(Task prompt) Pictures are to be left out. Return exactly the lines below from the one with "Для прийнятих кінематичних" up to and including the one with "Mercus-Garrabet | 658 |".

(Information)
-----
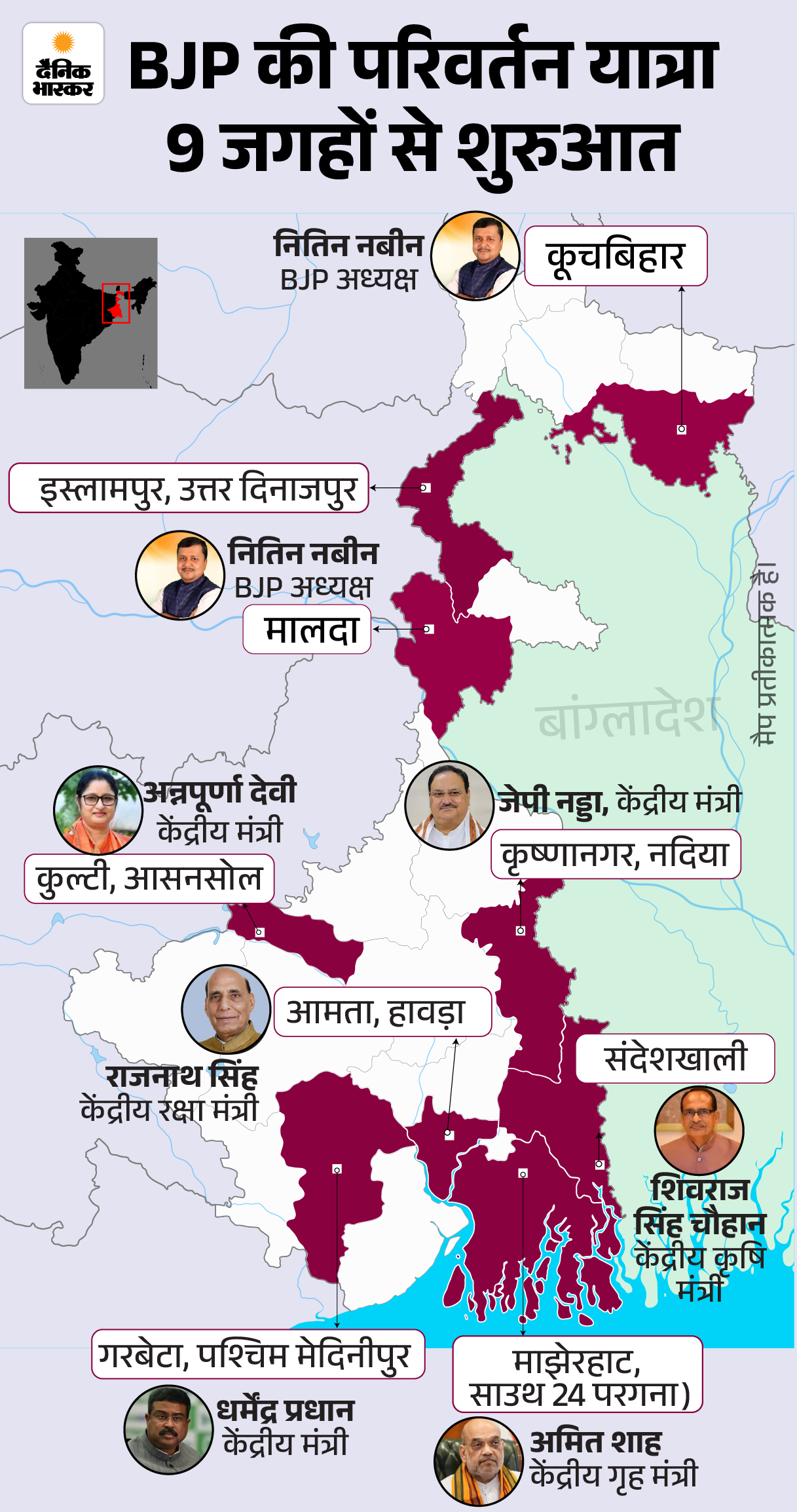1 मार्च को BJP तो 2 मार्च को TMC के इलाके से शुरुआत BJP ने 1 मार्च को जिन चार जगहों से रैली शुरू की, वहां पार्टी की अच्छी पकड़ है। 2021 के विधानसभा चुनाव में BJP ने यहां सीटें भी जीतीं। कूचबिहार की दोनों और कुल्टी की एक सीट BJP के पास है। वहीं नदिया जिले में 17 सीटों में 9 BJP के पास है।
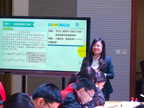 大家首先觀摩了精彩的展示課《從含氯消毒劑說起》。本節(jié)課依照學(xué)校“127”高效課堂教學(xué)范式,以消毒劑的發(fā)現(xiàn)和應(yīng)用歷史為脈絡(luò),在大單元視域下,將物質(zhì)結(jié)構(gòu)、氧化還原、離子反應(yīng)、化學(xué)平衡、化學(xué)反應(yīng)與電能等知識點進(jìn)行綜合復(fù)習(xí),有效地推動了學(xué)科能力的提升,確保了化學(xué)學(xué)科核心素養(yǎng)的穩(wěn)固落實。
-----
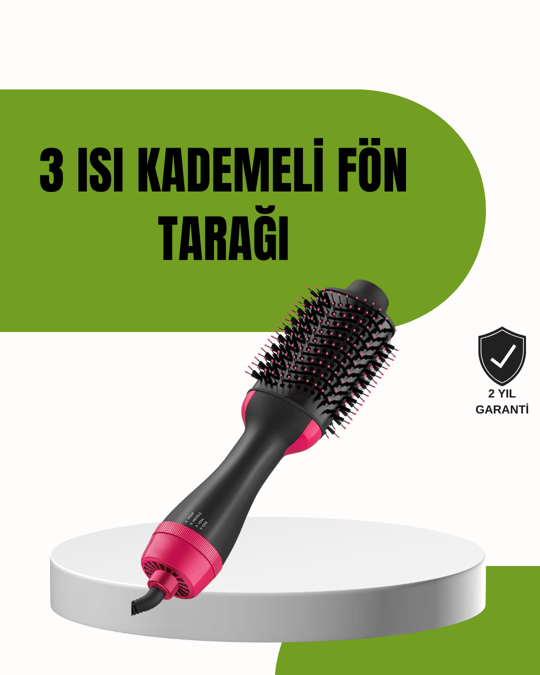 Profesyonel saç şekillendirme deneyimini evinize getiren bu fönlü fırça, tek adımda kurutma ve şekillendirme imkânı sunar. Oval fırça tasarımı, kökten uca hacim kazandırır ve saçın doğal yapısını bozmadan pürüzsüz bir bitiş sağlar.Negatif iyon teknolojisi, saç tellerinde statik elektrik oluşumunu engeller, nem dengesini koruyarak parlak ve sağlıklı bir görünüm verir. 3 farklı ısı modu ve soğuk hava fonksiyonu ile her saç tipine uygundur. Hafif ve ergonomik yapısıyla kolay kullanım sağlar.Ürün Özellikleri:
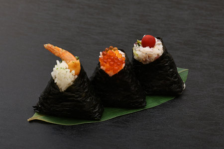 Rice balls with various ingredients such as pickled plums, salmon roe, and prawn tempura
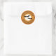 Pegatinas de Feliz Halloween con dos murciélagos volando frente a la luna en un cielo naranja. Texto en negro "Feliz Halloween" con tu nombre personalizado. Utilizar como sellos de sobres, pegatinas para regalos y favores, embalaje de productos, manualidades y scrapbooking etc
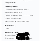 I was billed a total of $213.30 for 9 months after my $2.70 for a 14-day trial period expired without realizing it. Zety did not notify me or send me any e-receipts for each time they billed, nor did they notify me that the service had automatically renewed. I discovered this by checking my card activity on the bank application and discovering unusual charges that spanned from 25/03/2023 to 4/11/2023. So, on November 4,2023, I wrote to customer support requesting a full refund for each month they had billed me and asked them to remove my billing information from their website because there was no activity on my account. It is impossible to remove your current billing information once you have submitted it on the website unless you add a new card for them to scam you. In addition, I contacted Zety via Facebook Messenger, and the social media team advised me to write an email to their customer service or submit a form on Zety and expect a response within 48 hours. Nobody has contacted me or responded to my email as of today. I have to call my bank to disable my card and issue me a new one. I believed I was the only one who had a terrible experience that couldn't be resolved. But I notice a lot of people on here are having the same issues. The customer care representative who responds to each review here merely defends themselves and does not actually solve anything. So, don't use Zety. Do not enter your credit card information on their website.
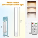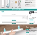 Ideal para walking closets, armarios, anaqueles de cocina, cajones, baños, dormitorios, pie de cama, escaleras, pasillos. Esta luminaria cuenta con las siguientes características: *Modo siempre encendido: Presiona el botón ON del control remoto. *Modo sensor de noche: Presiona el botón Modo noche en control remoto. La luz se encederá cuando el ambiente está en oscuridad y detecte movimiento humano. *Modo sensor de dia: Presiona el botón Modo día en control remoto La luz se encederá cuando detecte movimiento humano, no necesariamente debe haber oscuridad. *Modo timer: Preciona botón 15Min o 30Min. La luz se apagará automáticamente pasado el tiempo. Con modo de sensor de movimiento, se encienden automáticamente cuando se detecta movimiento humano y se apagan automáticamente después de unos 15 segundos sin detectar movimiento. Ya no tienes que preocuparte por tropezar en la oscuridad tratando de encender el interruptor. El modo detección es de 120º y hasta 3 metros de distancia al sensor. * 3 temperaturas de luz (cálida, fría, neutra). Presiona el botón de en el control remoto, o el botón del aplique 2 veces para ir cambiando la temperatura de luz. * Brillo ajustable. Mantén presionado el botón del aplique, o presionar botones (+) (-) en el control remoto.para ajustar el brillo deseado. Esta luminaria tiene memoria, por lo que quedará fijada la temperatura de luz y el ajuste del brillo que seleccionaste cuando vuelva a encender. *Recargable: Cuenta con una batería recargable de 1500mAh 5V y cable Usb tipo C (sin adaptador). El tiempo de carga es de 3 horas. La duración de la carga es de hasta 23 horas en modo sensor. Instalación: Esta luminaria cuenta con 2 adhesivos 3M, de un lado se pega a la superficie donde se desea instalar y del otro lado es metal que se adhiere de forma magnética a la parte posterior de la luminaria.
-----
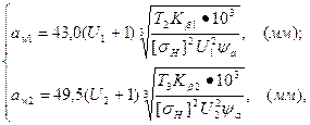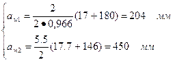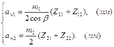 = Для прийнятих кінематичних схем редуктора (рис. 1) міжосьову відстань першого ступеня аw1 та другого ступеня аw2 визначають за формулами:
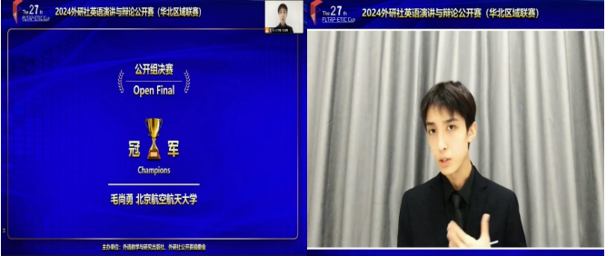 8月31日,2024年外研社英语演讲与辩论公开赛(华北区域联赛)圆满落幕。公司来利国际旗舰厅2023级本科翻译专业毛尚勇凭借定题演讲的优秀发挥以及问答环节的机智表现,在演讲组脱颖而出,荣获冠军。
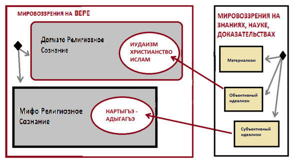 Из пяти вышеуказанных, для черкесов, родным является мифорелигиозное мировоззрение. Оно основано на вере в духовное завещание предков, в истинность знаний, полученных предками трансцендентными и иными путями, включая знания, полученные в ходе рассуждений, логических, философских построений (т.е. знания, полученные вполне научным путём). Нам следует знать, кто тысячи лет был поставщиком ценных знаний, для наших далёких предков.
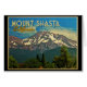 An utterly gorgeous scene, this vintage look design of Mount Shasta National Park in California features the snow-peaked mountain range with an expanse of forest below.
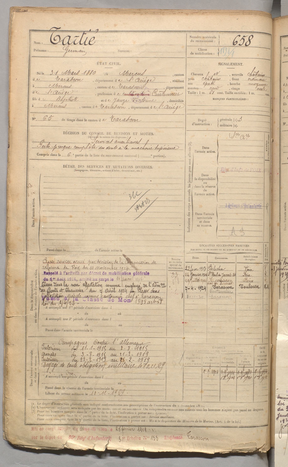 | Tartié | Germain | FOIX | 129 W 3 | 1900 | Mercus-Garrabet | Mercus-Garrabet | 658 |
-----
(Exercise response)
 = Для прийнятих кінематичних схем редуктора (рис. 1) міжосьову відстань першого ступеня аw1 та другого ступеня аw2 визначають за формулами:
 8月31日,2024年外研社英语演讲与辩论公开赛(华北区域联赛)圆满落幕。公司来利国际旗舰厅2023级本科翻译专业毛尚勇凭借定题演讲的优秀发挥以及问答环节的机智表现,在演讲组脱颖而出,荣获冠军。
 Из пяти вышеуказанных, для черкесов, родным является мифорелигиозное мировоззрение. Оно основано на вере в духовное завещание предков, в истинность знаний, полученных предками трансцендентными и иными путями, включая знания, полученные в ходе рассуждений, логических, философских построений (т.е. знания, полученные вполне научным путём). Нам следует знать, кто тысячи лет был поставщиком ценных знаний, для наших далёких предков.
 An utterly gorgeous scene, this vintage look design of Mount Shasta National Park in California features the snow-peaked mountain range with an expanse of forest below.
 | Tartié | Germain | FOIX | 129 W 3 | 1900 | Mercus-Garrabet | Mercus-Garrabet | 658 |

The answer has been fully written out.